WORK TO COMPLETE
Below are the records; restate all of them exactly.
DATA START
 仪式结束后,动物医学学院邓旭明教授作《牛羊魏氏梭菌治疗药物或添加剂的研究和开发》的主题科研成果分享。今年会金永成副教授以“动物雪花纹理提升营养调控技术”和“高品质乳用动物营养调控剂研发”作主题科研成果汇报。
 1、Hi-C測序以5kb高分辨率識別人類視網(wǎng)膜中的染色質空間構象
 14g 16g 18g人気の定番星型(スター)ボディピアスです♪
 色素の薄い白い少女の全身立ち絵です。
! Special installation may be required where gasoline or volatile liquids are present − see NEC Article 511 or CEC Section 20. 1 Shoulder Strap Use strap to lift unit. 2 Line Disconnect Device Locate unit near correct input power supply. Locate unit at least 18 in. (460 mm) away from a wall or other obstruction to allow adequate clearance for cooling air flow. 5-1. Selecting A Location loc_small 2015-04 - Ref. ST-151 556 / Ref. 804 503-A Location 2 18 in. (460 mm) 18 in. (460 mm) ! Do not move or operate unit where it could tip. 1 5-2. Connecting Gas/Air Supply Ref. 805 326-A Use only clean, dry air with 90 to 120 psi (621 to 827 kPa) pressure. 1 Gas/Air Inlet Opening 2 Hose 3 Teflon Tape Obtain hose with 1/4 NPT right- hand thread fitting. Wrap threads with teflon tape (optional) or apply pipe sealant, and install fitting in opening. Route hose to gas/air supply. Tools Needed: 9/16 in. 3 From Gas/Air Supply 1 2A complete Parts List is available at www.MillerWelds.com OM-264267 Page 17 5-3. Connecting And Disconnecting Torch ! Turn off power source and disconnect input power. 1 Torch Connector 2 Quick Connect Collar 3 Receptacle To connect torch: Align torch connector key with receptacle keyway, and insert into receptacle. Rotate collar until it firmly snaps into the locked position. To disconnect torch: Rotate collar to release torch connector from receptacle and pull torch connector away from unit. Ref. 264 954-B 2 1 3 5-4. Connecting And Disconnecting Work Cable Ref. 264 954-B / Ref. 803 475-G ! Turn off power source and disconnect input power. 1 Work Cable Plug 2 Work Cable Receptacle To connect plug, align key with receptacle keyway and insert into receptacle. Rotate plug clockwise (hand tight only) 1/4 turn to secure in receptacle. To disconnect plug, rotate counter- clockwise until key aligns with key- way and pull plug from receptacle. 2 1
DATA END
ANSWER BELOW
 仪式结束后,动物医学学院邓旭明教授作《牛羊魏氏梭菌治疗药物或添加剂的研究和开发》的主题科研成果分享。今年会金永成副教授以“动物雪花纹理提升营养调控技术”和“高品质乳用动物营养调控剂研发”作主题科研成果汇报。
 1、Hi-C測序以5kb高分辨率識別人類視網(wǎng)膜中的染色質空間構象
 14g 16g 18g人気の定番星型(スター)ボディピアスです♪
 色素の薄い白い少女の全身立ち絵です。
! Special installation may be required where gasoline or volatile liquids are present − see NEC Article 511 or CEC Section 20. 1 Shoulder Strap Use strap to lift unit. 2 Line Disconnect Device Locate unit near correct input power supply. Locate unit at least 18 in. (460 mm) away from a wall or other obstruction to allow adequate clearance for cooling air flow. 5-1. Selecting A Location loc_small 2015-04 - Ref. ST-151 556 / Ref. 804 503-A Location 2 18 in. (460 mm) 18 in. (460 mm) ! Do not move or operate unit where it could tip. 1 5-2. Connecting Gas/Air Supply Ref. 805 326-A Use only clean, dry air with 90 to 120 psi (621 to 827 kPa) pressure. 1 Gas/Air Inlet Opening 2 Hose 3 Teflon Tape Obtain hose with 1/4 NPT right- hand thread fitting. Wrap threads with teflon tape (optional) or apply pipe sealant, and install fitting in opening. Route hose to gas/air supply. Tools Needed: 9/16 in. 3 From Gas/Air Supply 1 2A complete Parts List is available at www.MillerWelds.com OM-264267 Page 17 5-3. Connecting And Disconnecting Torch ! Turn off power source and disconnect input power. 1 Torch Connector 2 Quick Connect Collar 3 Receptacle To connect torch: Align torch connector key with receptacle keyway, and insert into receptacle. Rotate collar until it firmly snaps into the locked position. To disconnect torch: Rotate collar to release torch connector from receptacle and pull torch connector away from unit. Ref. 264 954-B 2 1 3 5-4. Connecting And Disconnecting Work Cable Ref. 264 954-B / Ref. 803 475-G ! Turn off power source and disconnect input power. 1 Work Cable Plug 2 Work Cable Receptacle To connect plug, align key with receptacle keyway and insert into receptacle. Rotate plug clockwise (hand tight only) 1/4 turn to secure in receptacle. To disconnect plug, rotate counter- clockwise until key aligns with key- way and pull plug from receptacle. 2 1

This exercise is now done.